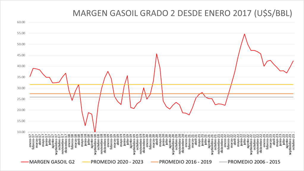 El Margen del gasoil grado 2 de octubre de 2023 (42,45 u$s/bbl) se sitúa por encima del promedio del período enero de 2016 a octubre de 2023 (31,05 u$s/bbl).
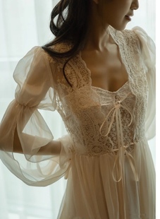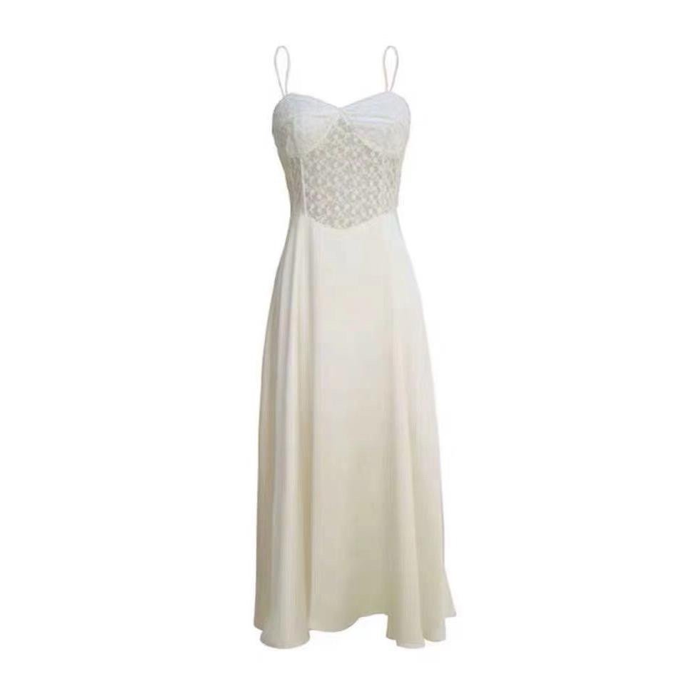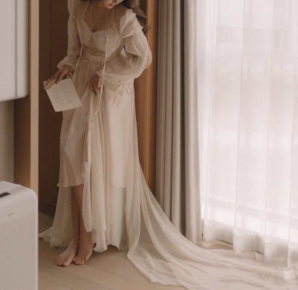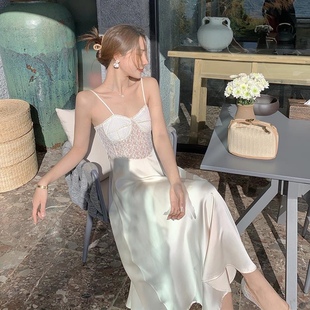 Wedding新娘结婚婚睡美人晨袍内搭蕾丝吊带拼接绸缎缎面长裙
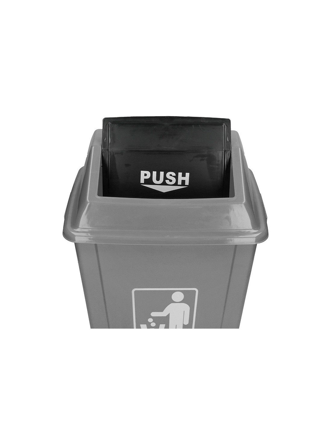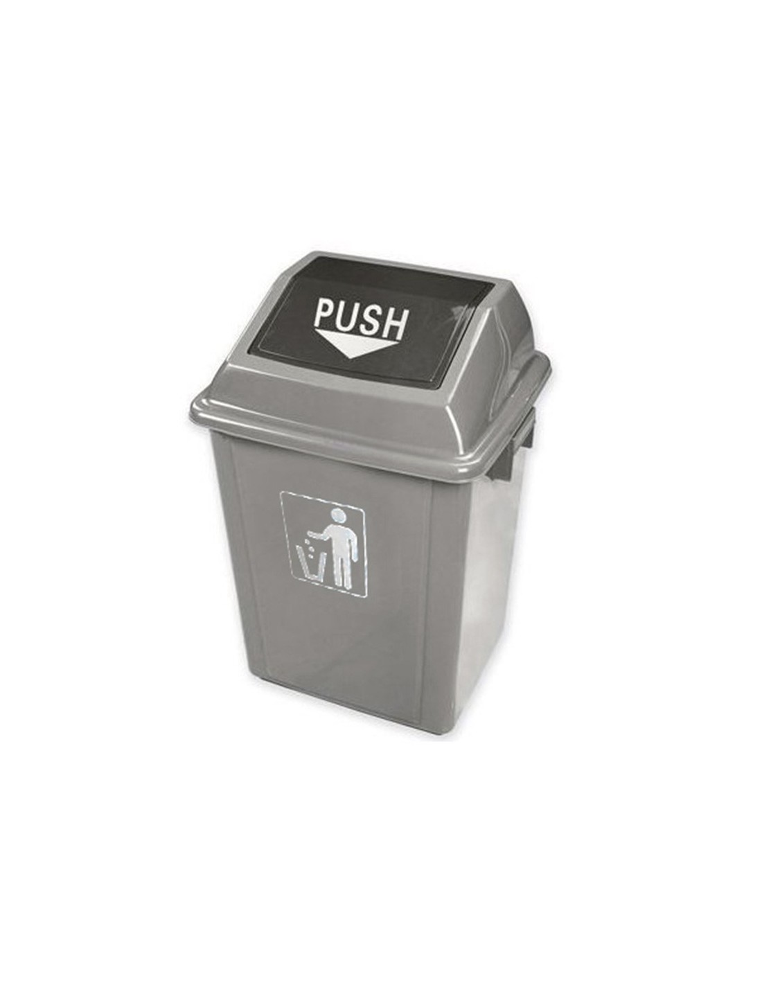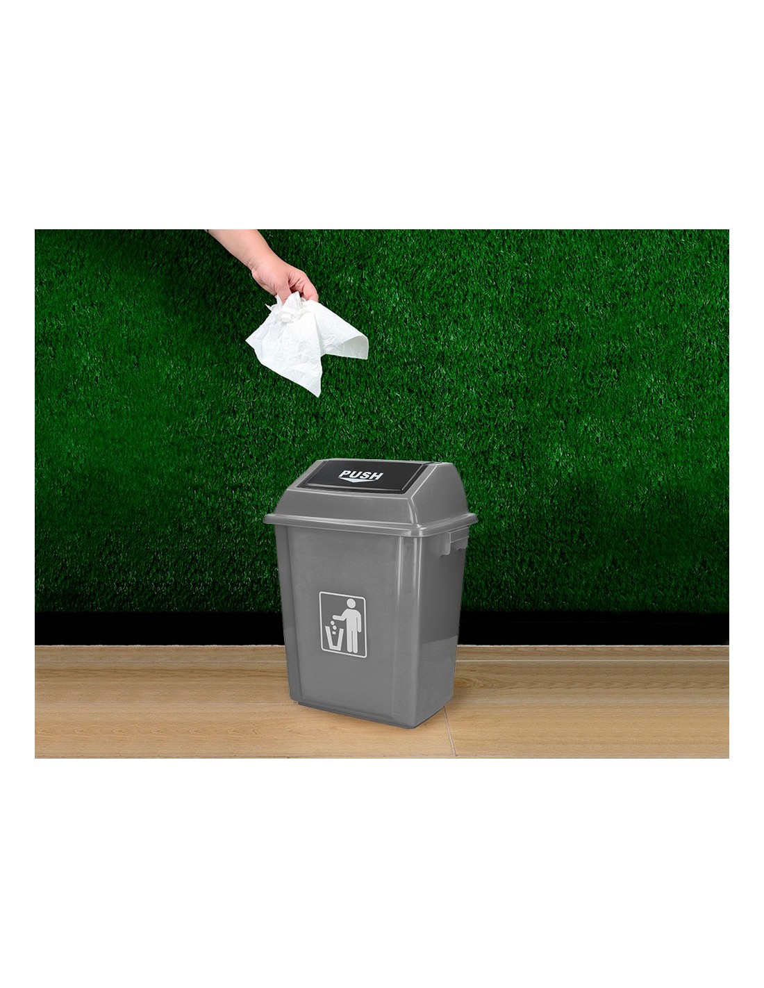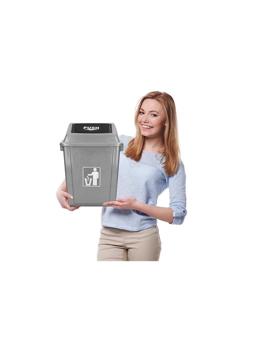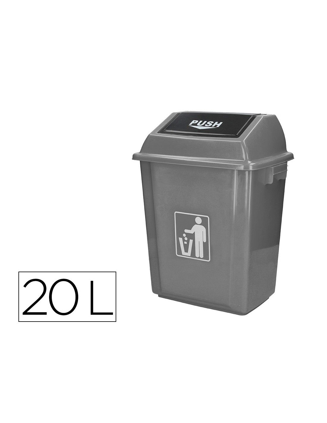 Con tapa balancín. Fácil apertura para retirar la bolsa. 2 asas para facilitar el transporte. Fabricada en plástico. Resistente. Color gris.
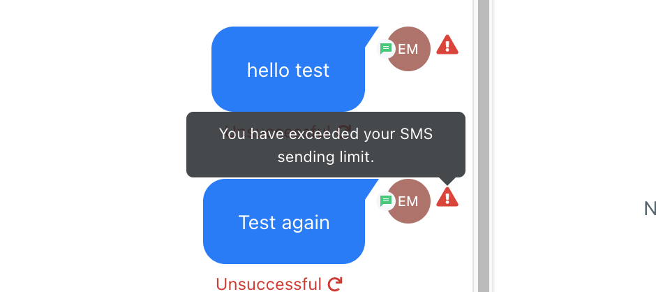 1. Conversation Error: You have exceeded your SMS sending limit.
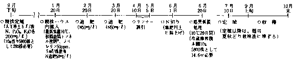 量は箱植えする場合、N、P2O5、K2O各培地1L当り200mg(1000mg/株)、N施肥量は採苗年の親株加温開
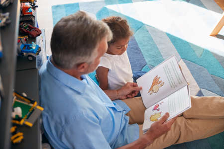 Hispanic Grandfather And Granddaughter Sitting On Floor Of Childrens Bedroom Reading Book Together
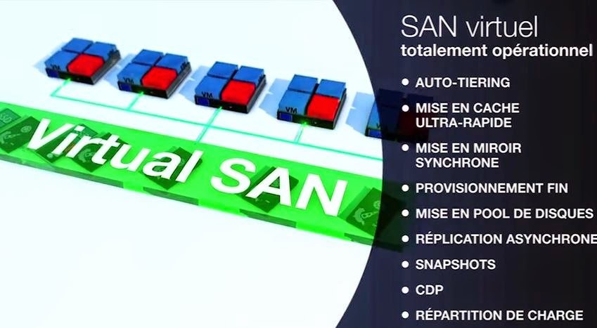 Le nouveau Virtual SAN de DataCore est une solution purement logicielle qui automatise et simplifie la gestion du stockage et le provisionnement tout en offrant une reprise automatisée et de meilleures performances. Virtual SAN est facile à configurer et à exécuter sur un serveur x86 nouveau ou existant pour créer un pool de stockage partagé à partir des ressources internes Flash et disque dont dispose ce serveur. Ceci permet de déployer de manière rentable un SAN virtuel DataCore en superposition, sans avoir à investir lourdement dans du nouveau matériel ou un système SAN complexe.
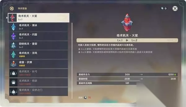 物资整备 在局外的「物资整备」页面中,旅行者们可以消耗「奇术符」来解锁新机关和升级已有机关。 不同种类的奇术机关具有不同的特性。
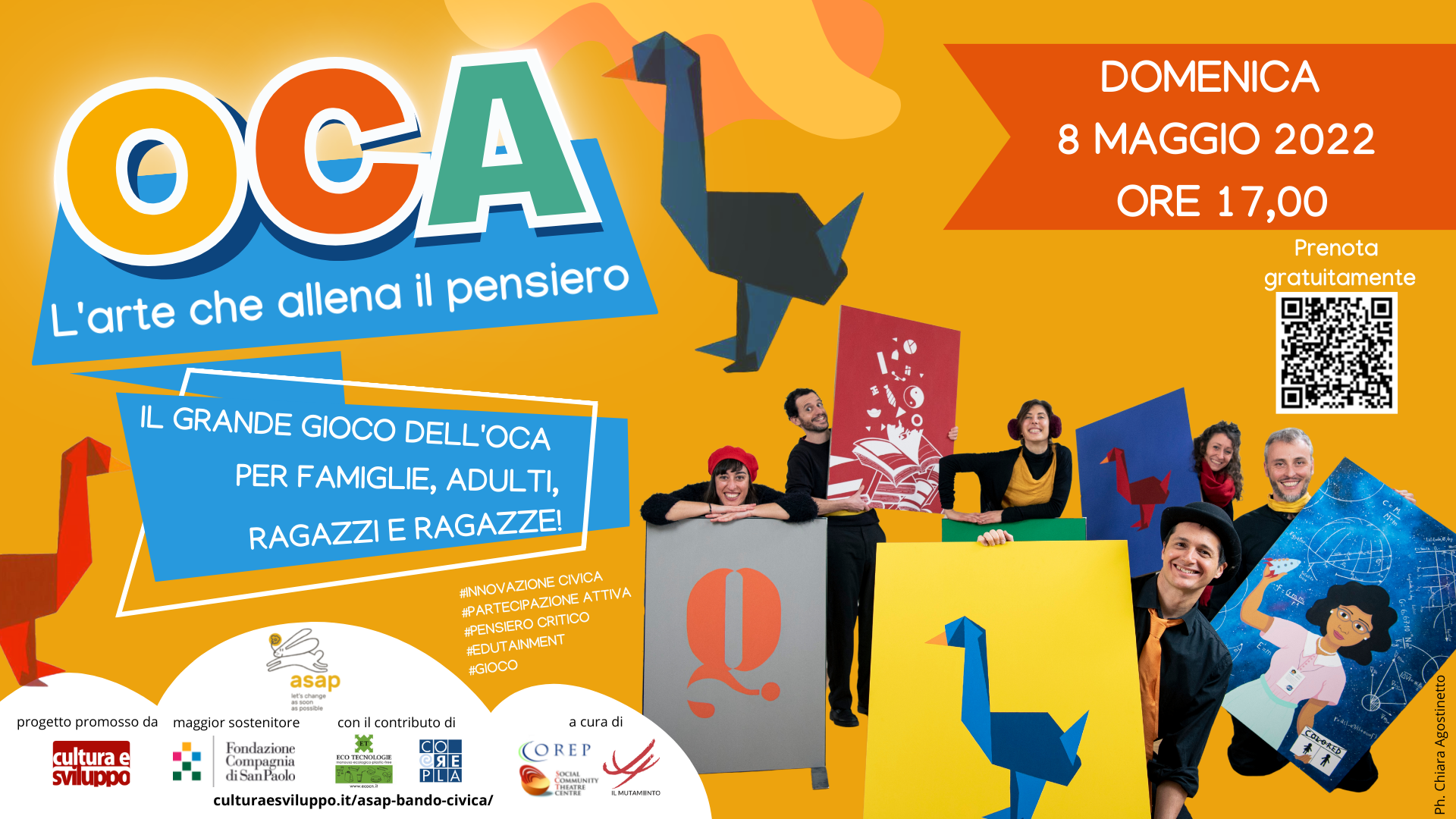 OCA: l’arte che allena il pensiero è un progetto realizzato da Social Community Theatre Centre | Corep, Polo del ‘900 e Comitato Organizzatore S-Nodi, con il sostegno della Fondazione Compagnia di San Paolo nell’ambito del “Bando CivICa”, progetti di Cultura e Innovazione Civica
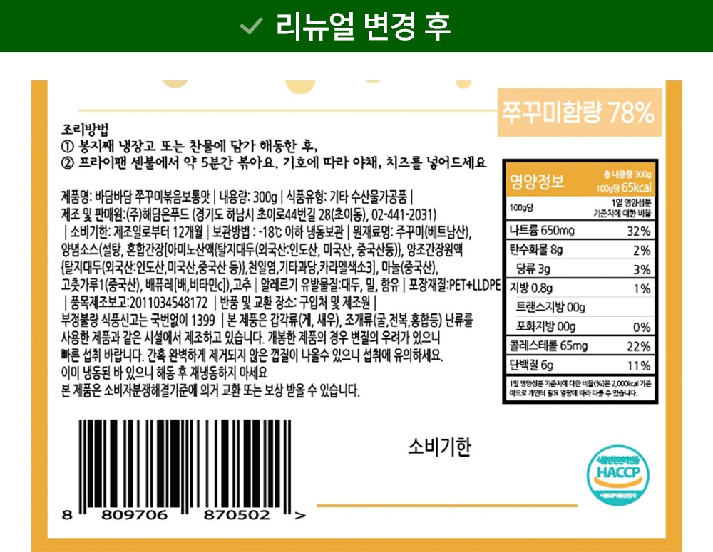 - 섭취방법: 즉석반조리식품
----
**WHAT THE TASK ASKS:** Will you repeat the material above, but only from the line containing "OCA: l’arte che" through its last line, exactly and without the pictures?

**RESPONSE:**
 OCA: l’arte che allena il pensiero è un progetto realizzato da Social Community Theatre Centre | Corep, Polo del ‘900 e Comitato Organizzatore S-Nodi, con il sostegno della Fondazione Compagnia di San Paolo nell’ambito del “Bando CivICa”, progetti di Cultura e Innovazione Civica
 - 섭취방법: 즉석반조리식품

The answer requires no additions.